Five inspectors out of about a dozen in Grossi’s mission stayed on at the Zaporizhzhia facility, according to Energoatom, the Ukrainian state-run company that manages the country’s nuclear plants. They are unloading equipment and are expected to stay until Saturday, Energoatom said.
Grossi said his team of monitors collected important information during the visit and he had access to the “key things” he wanted to see, BBC Ukraine reported.
The United States called on Russia to allow the inspectors to stay as long as needed. It comes as increasing attacks in the vicinity of the site have stoked concern over a potential atomic disaster.

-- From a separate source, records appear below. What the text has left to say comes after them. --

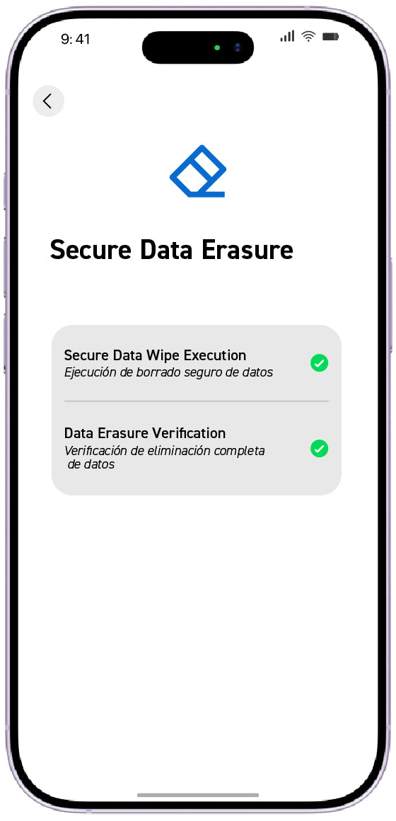 Todos los dispositivos pasan por borrado seguro certificado de datos, asegurando privacidad total.
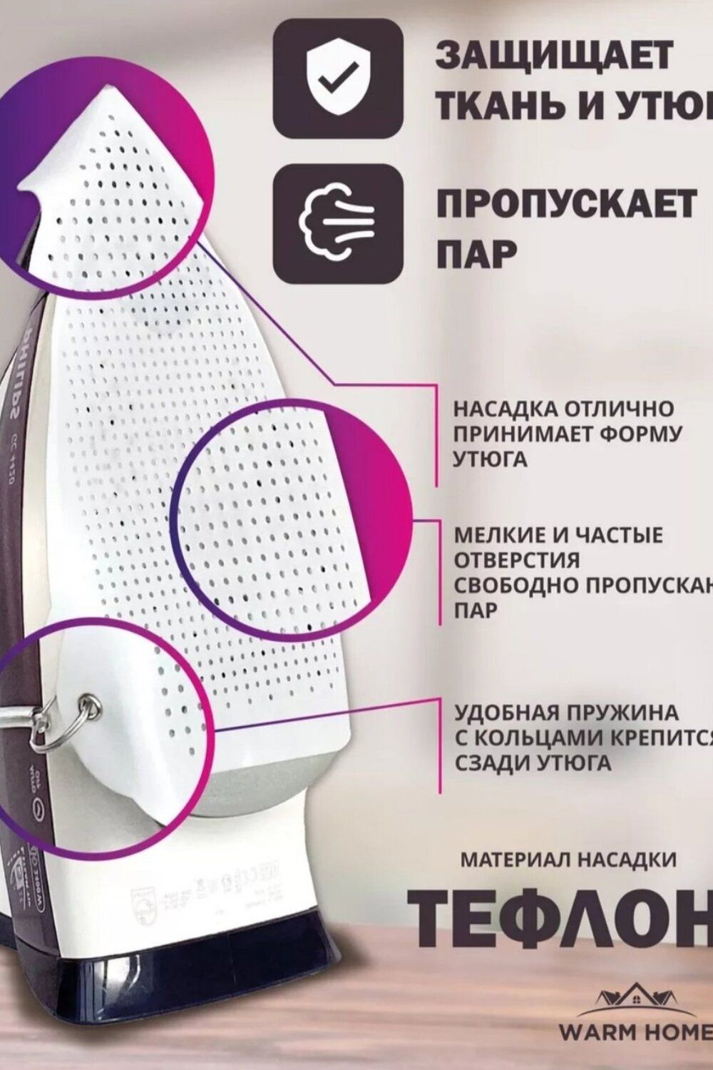 Насадка для утюга — незаменимый аксессуар для безопасной глажки деликатных тканей. Она защищает от появления блеска, пятен и повреждений, обеспечивая идеальный уход за вышивкой, аппликациями и другими нежными материалами. Благодаря специальным отверстиям, насадка идеально подходит для утюгов с функцией подачи пара, равномерно распределяя его по поверхности ткани и эффективно разглаживая складки. Этот аксессуар предотвращает пригорание тканей, защищает подошву утюга от загрязнений и царапин, продлевая срок службы устройства. Насадка обеспечивает лёгкое скольжение, делая процесс глажки более быстрым и комфортным. Универсальная конструкция позволяет использовать её с утюгами всех марок и моделей. Незаменимый выбор для тех, кто ценит качественный уход за одеждой и текстилем.
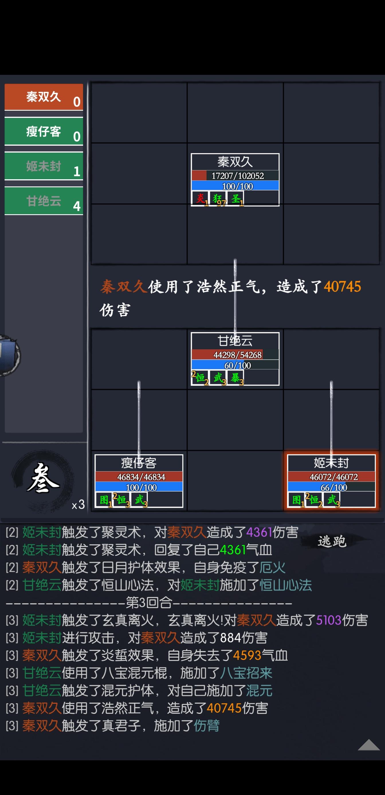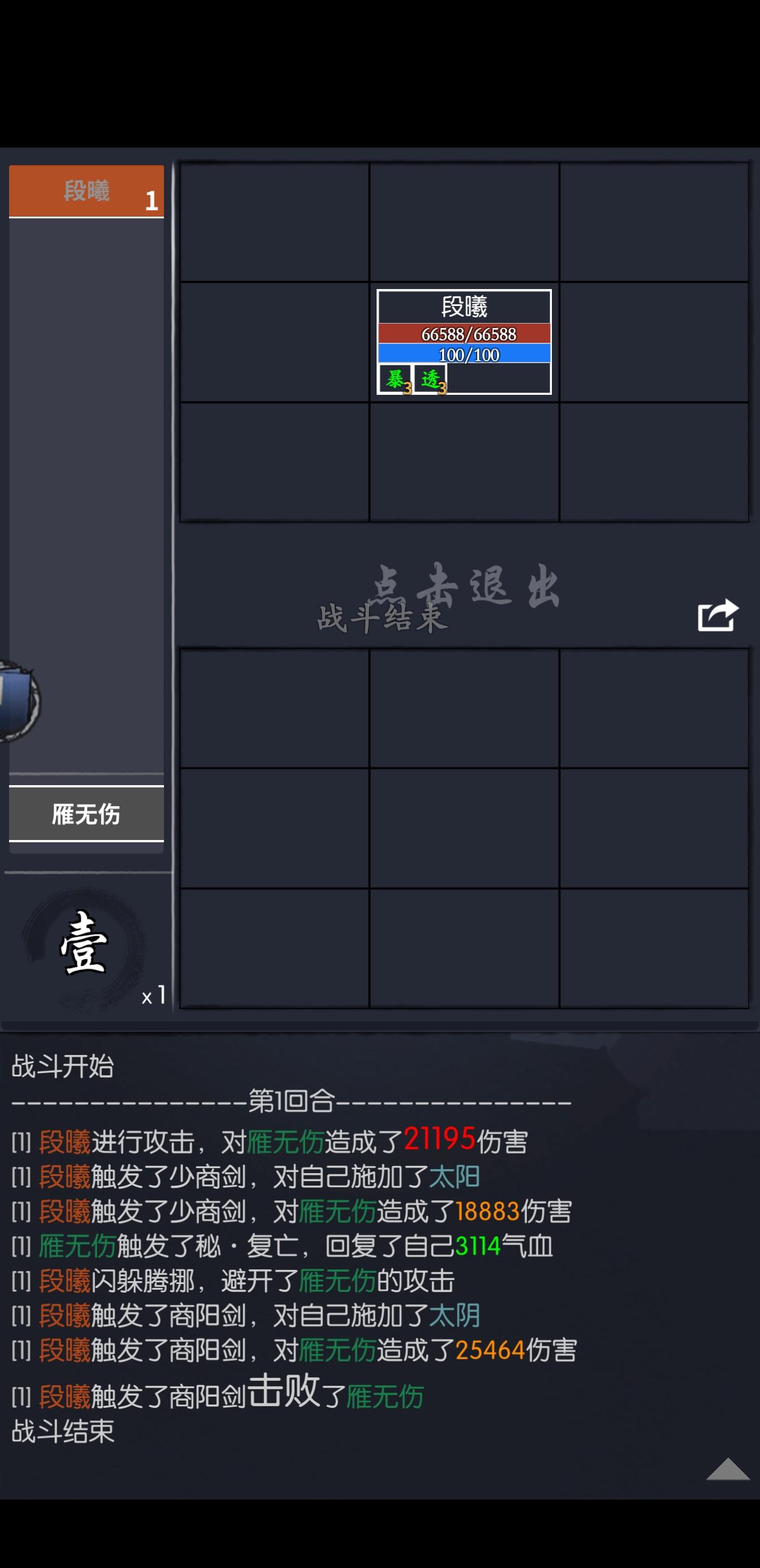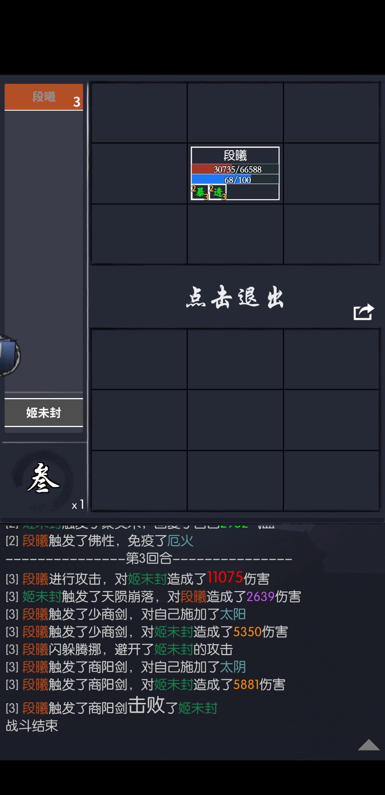 。主要是我的燕无伤一回合就被秒了,然后就来不及点逃跑了,所以我用其他侠试了试。 姬未封的反伤太顶了,能磨掉一半血,剩下 瘦仔客 胡旭 收尾即可。。所以可以是其他五关都打完之后,最后再打这一关,或者说雁无伤我再研究研究怎么配装吧哎。段曦伤害太高了
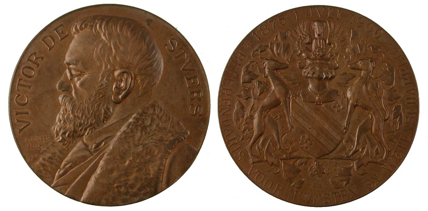 omschrift keerzijde: 1875 1 JVLI 1900 * REFERENDARIS VOOR KVNSTEN EN WETENSCHAPPEN *
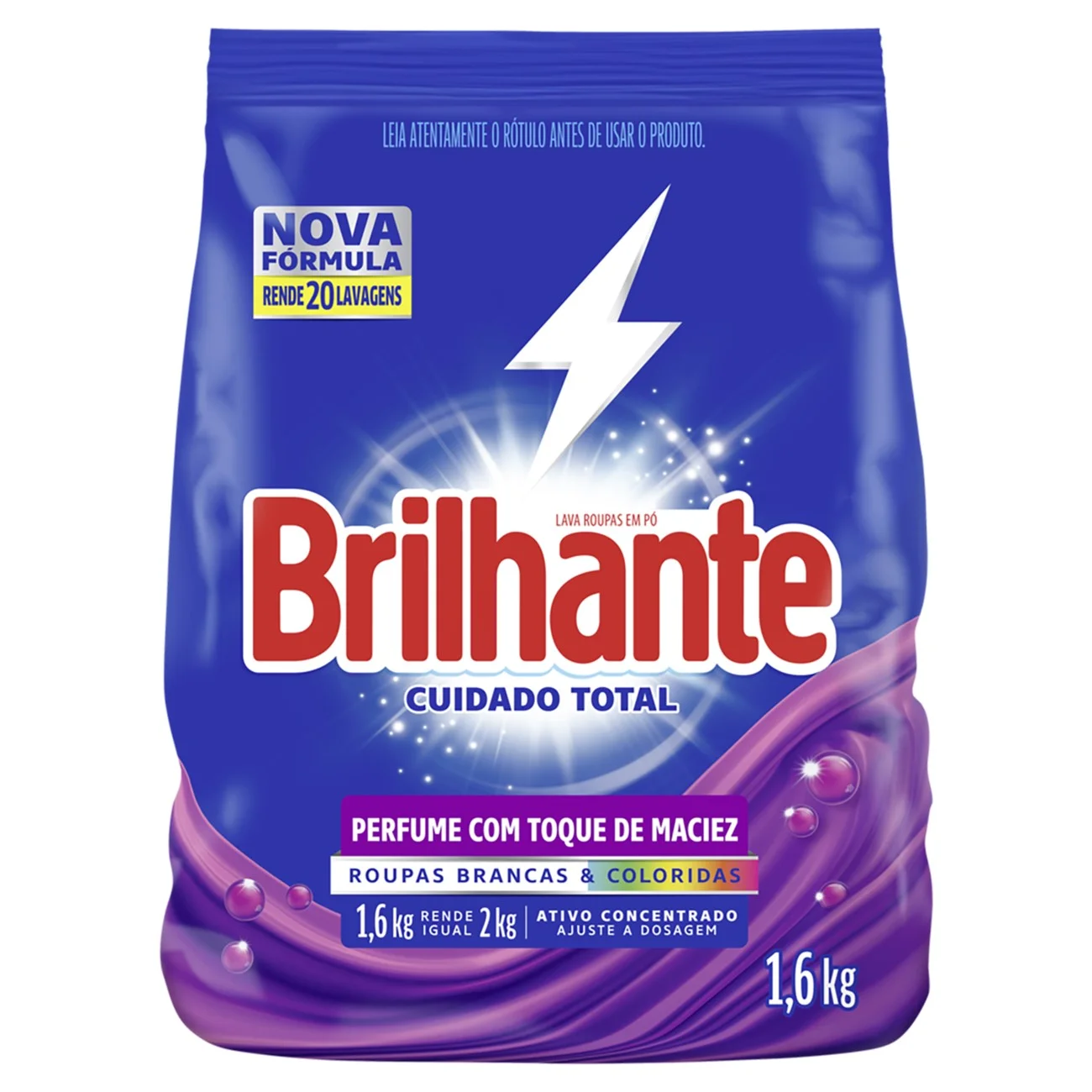 Kit c/ 08 und - Lava- Roupas em Pó Brilhante Roupas Brancas e Coloridas Cuidado Total Pacote 1.6kg quantidade
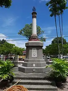 This monument is shaped like a prang mounted on a four-sided pedestal of grey and white marble.
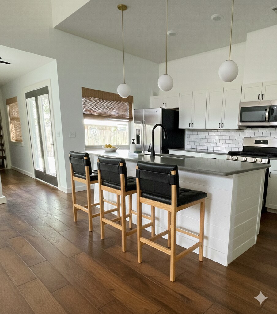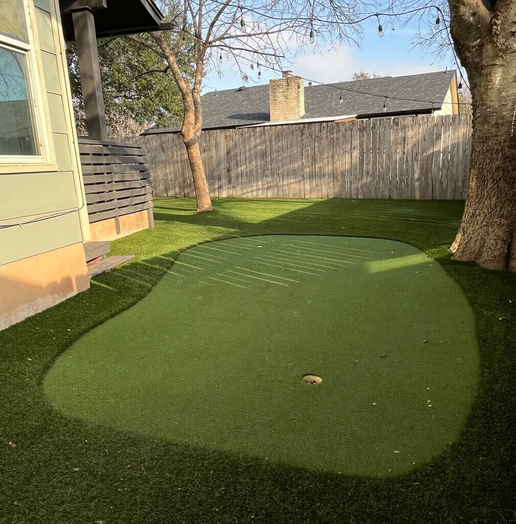 Welcome to your bright, modern retreat in North Austin! This thoughtfully updated home combines contemporary living with eco-friendly features that make a real difference in your monthly bills. The open-concept kitchen and living area is the heart of this home, featuring a large island perfect for meal prep, casual dining, or entertaining friends. Soaring 12-foot ceilings throughout the main living spaces create an airy, expansive feel, while high lateral windows flood the home with natural light all day long. The primary bedroom shares these dramatic high ceilings and abundant natural light, creating a serene retreat at the end of the day. Two very large walk-in closets provide exceptional storage space, while the primary bathroom features a spacious walk-in shower with a luxurious rain head. Washer and dryer included for your convenience. This home is designed with sustainability in mind. Solar panels significantly reduce electricity costs (usage dependent), while a large rainwater collection cistern in front helps with outdoor watering needs. Live greener while keeping more money in your pocket. The backyard is an entertainer's dream. Enjoy the maintenance-free turf lawn with built-in putting green—perfect for golf enthusiasts or families who want a lush yard without the upkeep. The oversized covered patio features two large fans, making it comfortable even on warm Texas days. Thanks to abundant shade trees, the backyard stays noticeably cooler during summer months. An 8x8 storage shed provides plenty of room for tools, outdoor gear, and seasonal items. Prime North Austin location—just 5 minutes from The Domain shopping center, 10 minutes to Q2 Stadium (Austin FC), and less than 20 minutes to downtown. Conveniently located near major tech campuses including Apple, Amazon, Samsung, and Dell. Easy access to major highways puts the entire city within reach. Available for immediate move-in. Contact us today to schedule a showing!
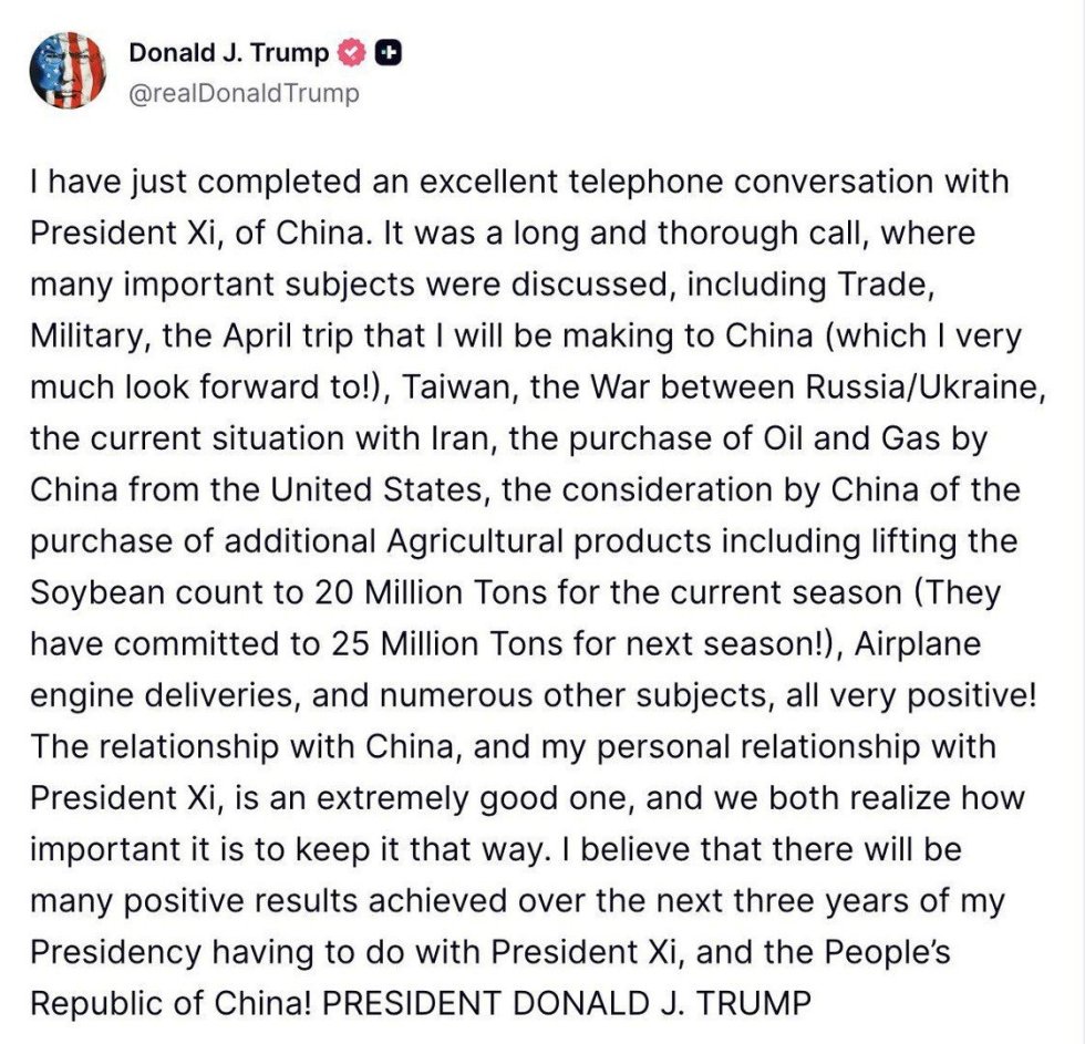 Bu barədə Tramp “Truth Social” hesabında paylaşım edib. O qeyd edib ki, telefon danışığı zamanı İran ətrafında mövcud vəziyyət, Rusiya-Ukrayna müharibəsi, ticarət və hərbi məsələlər, eləcə də Tayvan mövzusu müzakirə olunub.
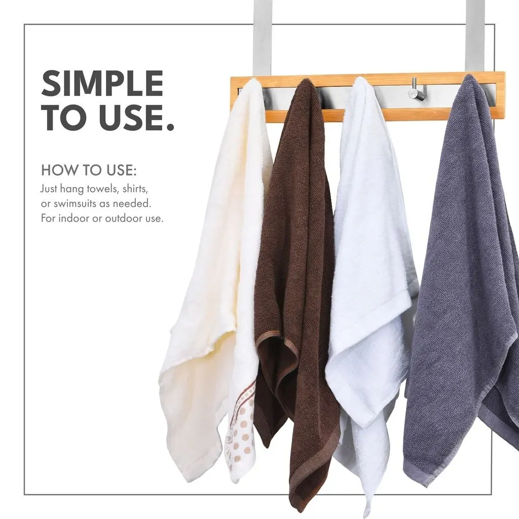 Bamboo Stainless Steel Over-The-Door Towel Hooks: Stylish And Functional Bathroom Organization Solution For Towels And More - Brown
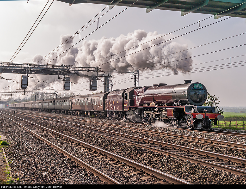 | LMS 6201 'Princess Elizabeth' storms up the gradient from Rugby with the 1Z90 0739 'Cathedrals Express' London Euston - Chester. Stock:
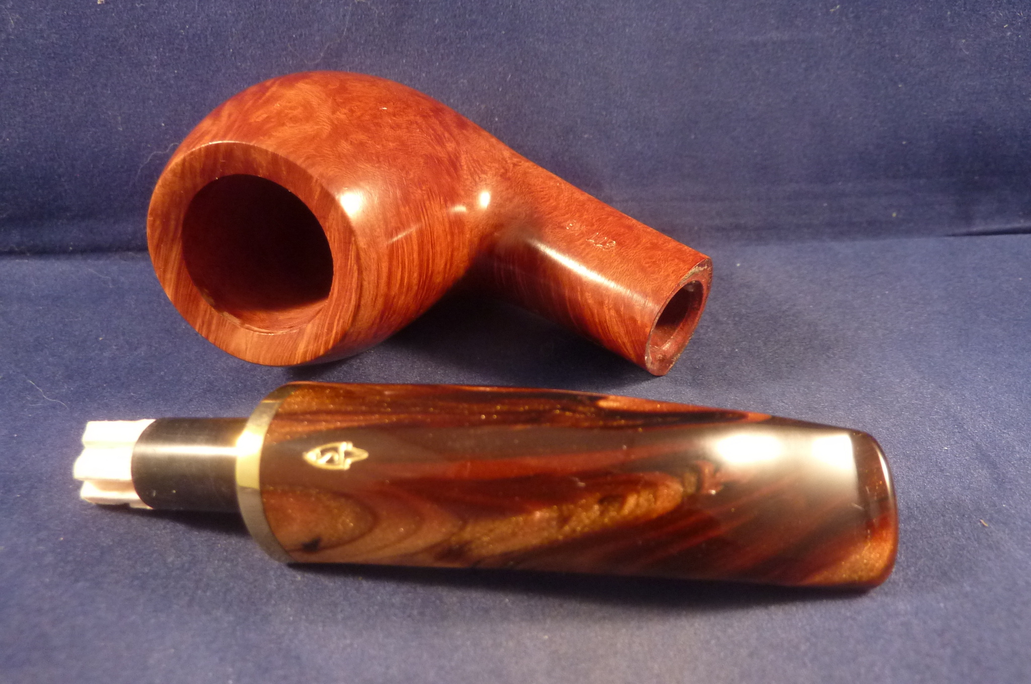 This is a brand new pipe made by L'Anatra in Italy. This Italian pipe has the perfect shape. Acrylic mouthpiece, with 9 mm. filter.

Ukraine and Russia have blamed each other for continued fighting in the area, with no way to independently verify their claims. They each accused the other of trying to sabotage the mission to Europe’s largest atomic power station, though both publicly said they wanted it to go ahead. Ukraine ensured smooth passage for the mission across territory it controls.
Ukrainian military intelligence said Russian forces were firing on the city of Enerhodar and the sprawling plant, near the mission’s route.
Russia confirmed military action in the area the IAEA team entered on Thursday, claiming its forces had destroyed what it said were two Ukrainian commando groups that had landed in Enerhodar and were seeking to take over the plant. The Defense Ministry didn’t provide evidence and Ukraine denied sending troops there.
Officials from Energoatom also reported on Thursday that a fifth reactor at the plant had to be shut down because of damaged transmission lines.
“The shelling of Zaporizhzhia nuclear power plant by the Russian occupying forces caused the emergency protection and the shut down,” the nuclear utility said in a statement. “The station’s Ukrainian staff is doing everything possible to eliminate damage to its infrastructure.”
Russian forces captured the plant at the beginning of the six-month war, although Ukrainian technicians are inside the facility and keeping the station operating. Shelling in the area has become a near-daily occurrence.
It’s the first time in the IAEA’s 65-year history that monitors crossed an active battlefront in order to carry out an inspection.